Wednesday, July 2, 2008

Bush concedes `tough month' in Afghanistan


WASHINGTON - President Bush said Wednesday it has been a "tough month" in Afghanistan, where more U.S. and NATO troops died during the past two months than in Iraq. The Pentagon said it is too strapped to send more forces to Afghanistan now.
The president told a Rose Garden news conference that one reason for the rising deaths "is that our troops are taking the fight to a tough enemy ... of course there is going to be resistance." It has also been a "tough month for the Taliban," he said.

At the Pentagon, Adm. Mike Mullen, the chairman of the Joint Chiefs of Staff, said that if security continues to improve in Iraq, he hopes troops will be available to shift to Afghanistan by the end of this year.

He said he currently doesn't have the troops — or brigade combat teams — to send to Afghanistan because of the military commitment in Iraq. But, he added, "we're on an increasingly positive path in Iraq in lots of dimensions. And so I'm hopeful toward the end of the year, opportunities like that would be created."

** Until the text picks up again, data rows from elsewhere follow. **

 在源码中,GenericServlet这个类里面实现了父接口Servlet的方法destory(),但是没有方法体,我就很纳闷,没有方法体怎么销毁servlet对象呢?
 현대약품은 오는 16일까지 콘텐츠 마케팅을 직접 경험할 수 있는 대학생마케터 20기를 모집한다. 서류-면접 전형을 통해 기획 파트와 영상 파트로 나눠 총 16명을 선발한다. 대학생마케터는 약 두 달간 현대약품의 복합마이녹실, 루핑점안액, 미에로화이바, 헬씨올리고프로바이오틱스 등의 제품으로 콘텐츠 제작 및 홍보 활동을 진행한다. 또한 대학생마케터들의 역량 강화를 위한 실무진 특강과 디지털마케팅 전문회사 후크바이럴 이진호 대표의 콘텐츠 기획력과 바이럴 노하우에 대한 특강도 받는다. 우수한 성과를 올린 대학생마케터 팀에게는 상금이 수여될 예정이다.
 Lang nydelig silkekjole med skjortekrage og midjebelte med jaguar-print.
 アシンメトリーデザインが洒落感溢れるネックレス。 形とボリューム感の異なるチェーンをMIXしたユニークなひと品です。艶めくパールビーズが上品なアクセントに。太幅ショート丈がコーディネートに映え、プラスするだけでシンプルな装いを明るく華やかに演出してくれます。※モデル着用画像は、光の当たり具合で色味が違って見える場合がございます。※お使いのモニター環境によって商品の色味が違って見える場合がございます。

Bush spoke ahead of a trip to Japan this weekend to participate in the annual Group of Eight economic summit.

He urged Americans to pressure Congress to allow more oil exploration in the United States.

"We can help alleviate shortages by drilling for oil and gas in our own country, something I've been advocating ever since I've been the president. I've been reminding our people that we can do so in environmentally friendly ways," he said. "And yet the Congress, the Democratically controlled Congress now has refused to budge. It makes no sense."

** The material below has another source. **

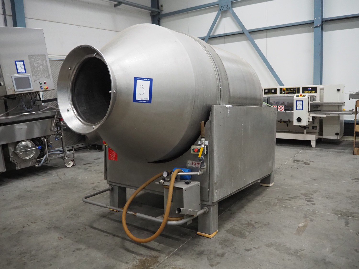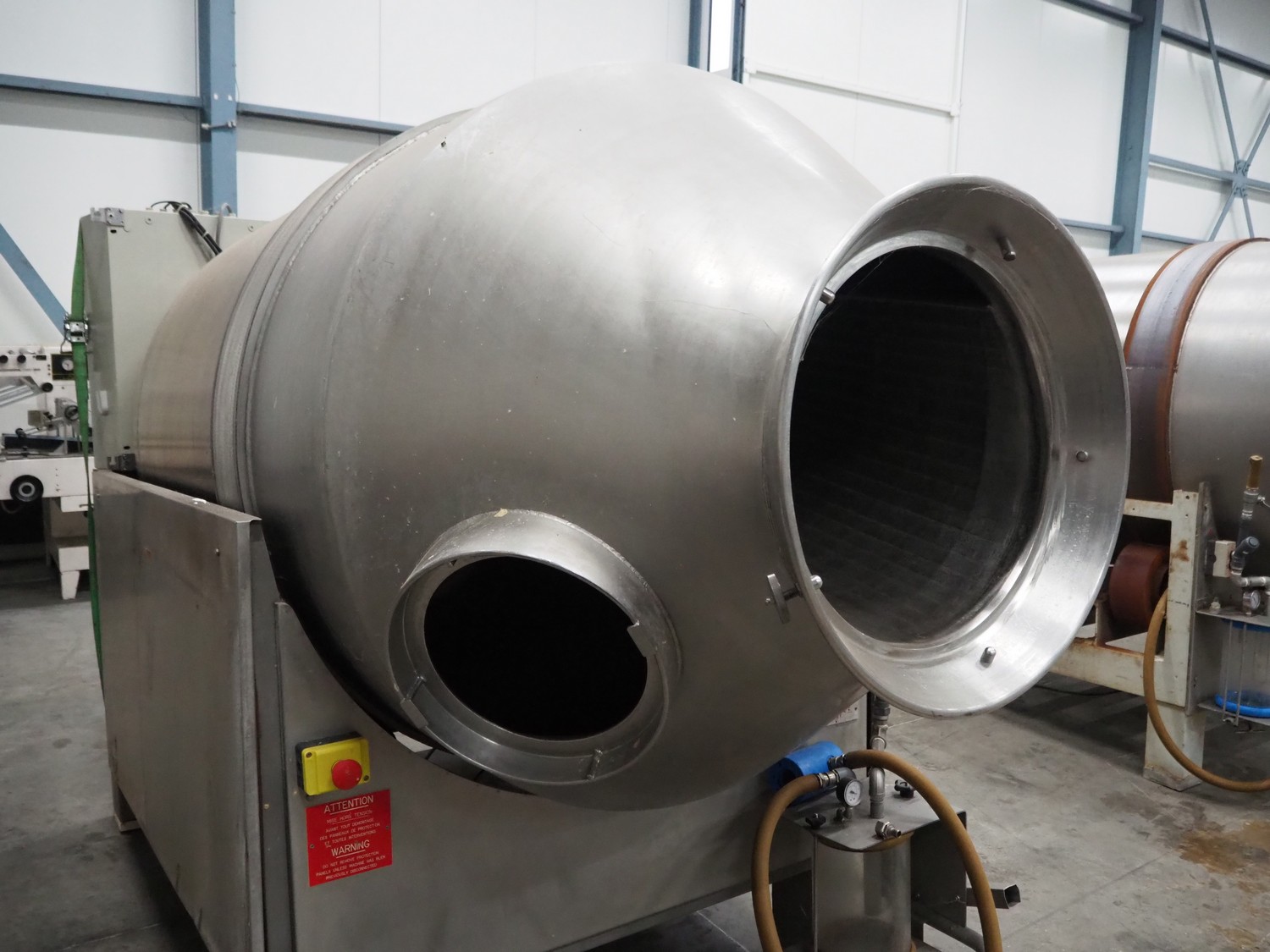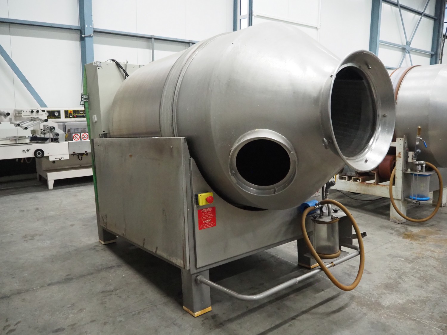 Lutetia vacuum tumbler, serial number: 7666, 3 Ph, 220 V, dimensions drum: Ø 1300 mm x 1600 mm, total dimensions: 2900 mm x 1450 mm x 1950 mm. Without vacuum pump, missing 1 lid.

The president sought to tamp down speculation that Israel will launch a military strike against Iran before he leaves office. He said all options are on the table but said military action would not be his first choice.

"I have made it very clear to all parties that the first option ought to be solve this problem diplomatically," Bush said. "And the best way to solve it diplomatically is for the United States to work with other nations to send a focused message — and that is, you will be isolated, and you will have economic hardship, if you continue to enrich."

Iran says its nuclear program is aimed only at generating electricity and cites its right under the Nuclear Non-Proliferation Treaty to pursue uranium enrichment, a process that can produce either fuel for a nuclear reactor or material for a warhead.

The United Nations has demanded that Iran suspend enrichment and has imposed three rounds of similar financial sanctions on Iranian companies and individuals. The United States and European allies have been pushing Tehran to halt enrichment and offering incentives, to no avail.

In June, militants killed more U.S. and NATO troops in Afghanistan than in Iraq for the second straight month. It was the deadliest month for U.S. troops in Afghanistan since the war began.

Bush and Defense Secretary Robert Gates earlier this year told NATO allies that they would increase troop levels in Afghanistan in 2009 in response to the growing violence. The United States now has about 31,000 troops there — the most since the war began in October 2001 — and has been pressing allies to contribute more.

As the holiday weekend began, Bush said Congress was in part to blame for rising gas prices that have stung American consumers.

He said lawmakers continue to block his proposals, including lifting prohibitions on offshore oil drilling. The president has also called for allowing oil drilling in a portion of the Arctic National Wildlife Refuge for drilling, easing the regulatory process to expand oil refining capacity, and lifting restrictions on oil shale leasing in the Green River Basin of Colorado, Utah and Wyoming.

Bush even appealed to Americans to lobby their congressional representatives on the matter.

"We have got the opportunity to find more crude oil here at home in environmentally friendly ways and they ought to be writing their Congress people about it," Bush said.

Bush outlined his goals for his last G-8 summit of nations, which are the United States, Britain, Canada, France, Germany, Italy, Japan and Russia.

The debate about what to do about global warming will be front and center in Hokkaido too, although the discussion will be on the sidelines of the actual summit. Bush is hosting a meeting of major economies to urge nations to embrace long-term commitments to reduce green house gas emissions, but he appeared to be lowering expectations.

"The first step is to agree to a long-term goal," Bush said, adding that his advisers think other nations are "now coming to that clear understanding that we're going to have to come to a long-term goal. Hopefully, we can do it at this meeting. If not, we'll continue to press forward to get it done."

Bush said that at the summit in Japan he will urge other nations to make good on earlier pledges to help alleviate malaria, HIV-AIDS and other deadly diseases. He said he will make a push to train more health care workers in areas of the world where people lack access to medical care

Bush also said that he would call on nations to increase their shipments of food, fertilizer and seed to ease global food shortages. He said developed nations need to share advanced agricultural technology and work to lower tariffs and agricultural subsidies that impede trade.

The president said he'll also use the summit to remind the world that the threat of terrorist attacks has not gone away.

"The temptation is to kinda say, 'Maybe this isn't really a war. Maybe this is just a bunch of disgruntled folks that occasionally come and hurt us.' That's not the way I feel about it," Bush said.